Unlike the stories one hears of Japanese `salarymen' working `til the wee hours every night, professional staff at universities seem to be much more sensible. In my old laboratory at Tsukuba, most of the professors turned up around 9.30 to 10.00 am, in time for morning coffee in the laboratory or common room. They would probably work until 7.00 pm, and usually turn up for Saturday mornings. My official hours were 8.30 - 5.00 and every second Saturday morning. In reality, as it seems everywhere, I worked the hours I wished. In my group at Tsukuba, students tended to work late, often to midnight, and all day Saturday until 6.00pm, but Sunday was rest day. However, I think they tended to put the hours in but didn't put much into the hours. They worked very inefficiently and weren't always very motivated. It was almost as if they knew they would get their degree just by being there.

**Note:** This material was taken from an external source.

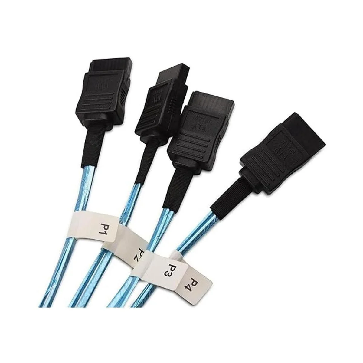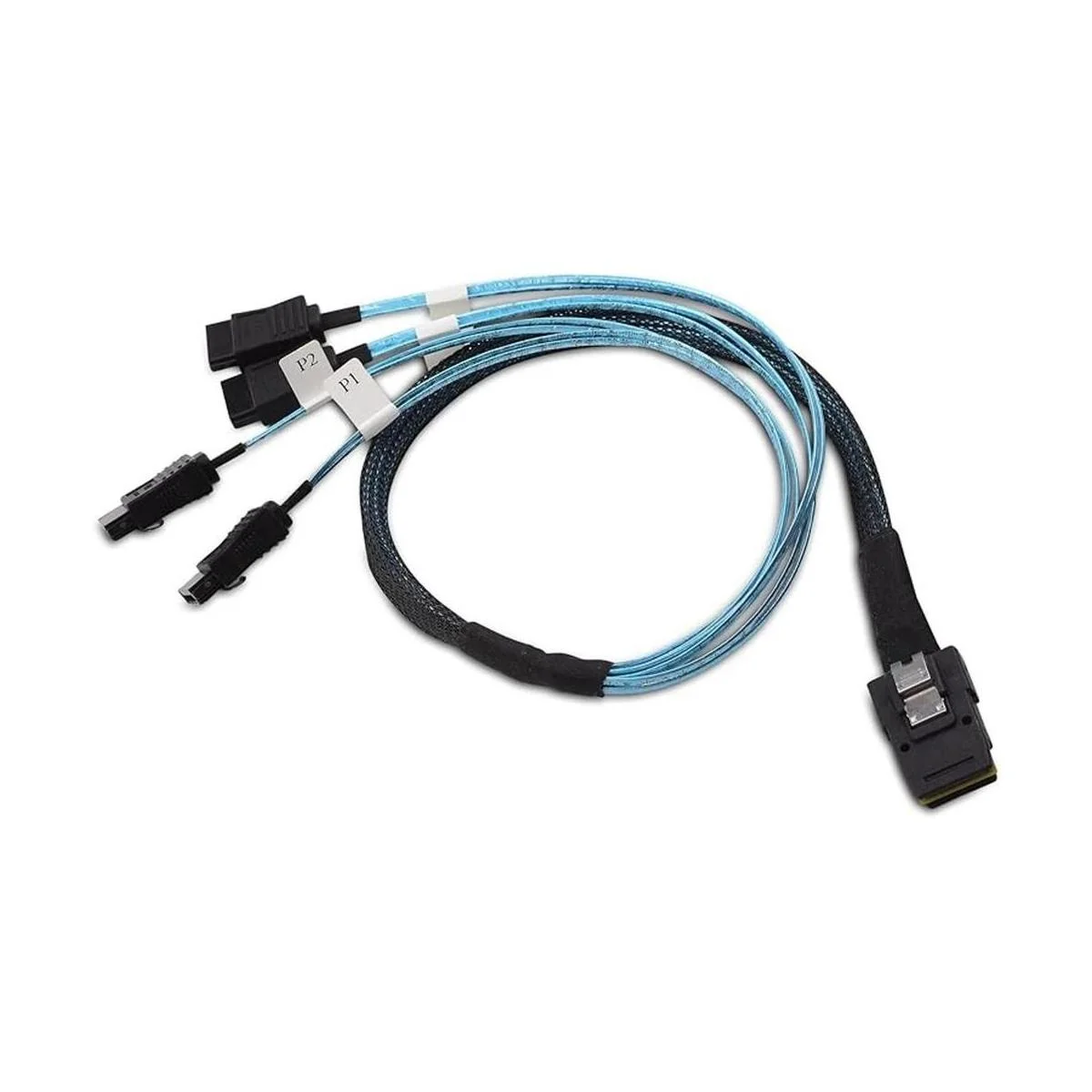 El cable interno de datos Mini SAS conecta un controlador RAID o PCIe con un puerto SFF8087 a 4 unidades SATA discretas; el adaptador Mini SAS a SATA proporciona una conectividad interna fiable entre una tarjeta controladora SCSI conectada en serie en un sistema informático y dispositivos de almacenamiento conectados directamente con un conector SATA

There were one or two strong regulations for academics. The first was that all professors must be present on the first day of the academic year, and on the first day back after summer break, unless officially excused for a sabbatical. This means that for foreigners they must be back from vacation. There is no way of sneaking it, because the university receives your departure and arrival details from Immigration. You must be careful about this as it could mean nasty things.

University years are a bit odd, as the academic year starts in April, they have a short term, and then break for the summer, recommencing in early September.

Dress

If you are just working in the laboratory, then it is fine to wear whatever is appropriate. Japanese academics are not particularly formal on an everyday basis. Ask your colleagues or just see what they wear. If you teach you may like to dress a little more smartly, but I never wore a tie for classes and in a way this helped to communicate with the students by making classes seem less formal. No-one would have said anything if I had worn jeans, I'm sure, and in the laboratory jeans seem to be the best to wear.

At more formal occasions, like a party with the University President, then please dress well. You can never be overdressed in Japan, so if you are not sure then overdone is better than underdone.